Did you have much success finding Quechua resources?
Polyglottally
I have to agree with some of the others here. The title of your post is somewhat misleading. While the top 100 words may cover 20% of the volume of what’s said, you’re comprehension of the conversation based on just those words is probably still 0%.
For example, if I take that last paragraph and remove the words not on your list, it would read: “I have to ... with some of the others ..., which makes the ... of your ... ... ... ... the ... ... ... ... ... .... of the ... of what ... ..., you ... ... of the ... ... on just ... ... is ... ... ...” That’s 24/51 words understood (nearly 50%), yet comprehension is still zero.
Having said that, though, I think your exercise of targeted listening for these words for recognition is brilliant. In Russian, the не negative is often so subtle that it blends with the next word and if you miss it, you’re lost. Ear training is absolutely mandatory.
mezzoguild
Thanks!
As I said in my reply to Casey above, I did actually mean 20% of the content, as opposed to 20% of overall meaning.
You’re right - the paragraph makes no sense to anybody, but in terms of lexical content you could potentially understand half of it by knowing those common words.
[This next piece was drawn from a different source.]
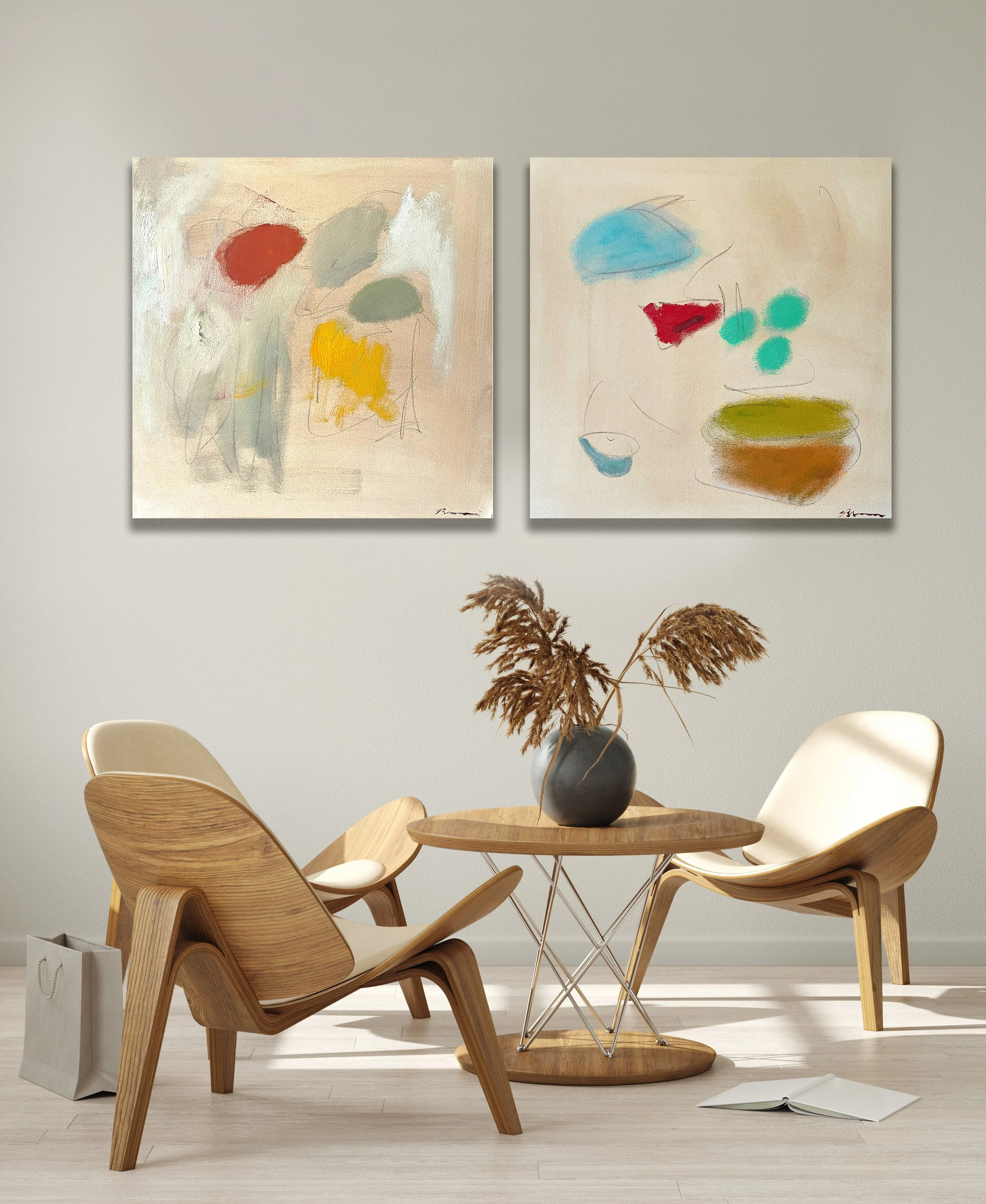 Social Club and French Connection were designed to converse—visually and emotionally. Hung together, they create a dynamic dialogue of color, texture, and personality. Whether you're drawn to the warmth of connection or the charm of cosmopolitan abstraction, this pairing brings balance and sophistication to any space.

I bookmarked your site too. You’ve got some great content on there.
Robert
ok, what’s this language that doesn’t have any native speaker dialogue on youtube?
mezzoguild
Robert, I think he’s referring to Quechua.
j4p4n
Just want to make sure you see my honest feedback: This is useless. The most common words are usually the least important in a sentence. The core idea is good, train you to listen for important key phrases/words. But thinking you can do this from a short 100 word frequency list and suddenly understand anything meaningful from a conversation is silly. And one thing this technique completely skips is implied meaning languages such as Japanese etc. In some languages it is more important what is not said than what is said. So listen all you want for 100 common frequent words, it wont help you pick up on anything not said. So sorry web author, try again, bad advice, weak idea. Your heart is in the right place though :) Good luck!
@niblica
I think the point of these exercise is simply to make your ears more accustomed to the foreign language. I know I get excited when I recognise any word in my target language, even if it’s just “those” or “however”. That’s how I understood this, at least.
mezzoguild
I like honest feedback. Thanks.
I did say that the 100 most common words on their own can’t really be used in a meaningful conversation.
My point is that the frequency of these words means that if you understand them, and have trained your ears to comprehend them by lots of listening, you already understand a lot.
To give you an example from own experience: I ignored a lot of connectors and high-frequency terms in Modern Standard Arabic studies for years. I’d pick up a newspaper and start reading an article on Middle East politics, understand the big words but be reaching for a dictionary every 30 seconds for the high-frequency, insignificant little words even though they made up a big part of the article.
That’s why it’s so important to get these down first - in my opinion of course. Thanks for the constructive criticism though.
Dop
”An” in french, could you use in a sentence please ?
mezzoguild
Joyeux Nouvel An.
Robert
Well, if they were high frequency words you wouldn’t be looking them up for long as you’d soon encounter them all and learn them. So basically, if they’re such high frequency you don’t need to make a special list as by definition you’ll soon encounter them.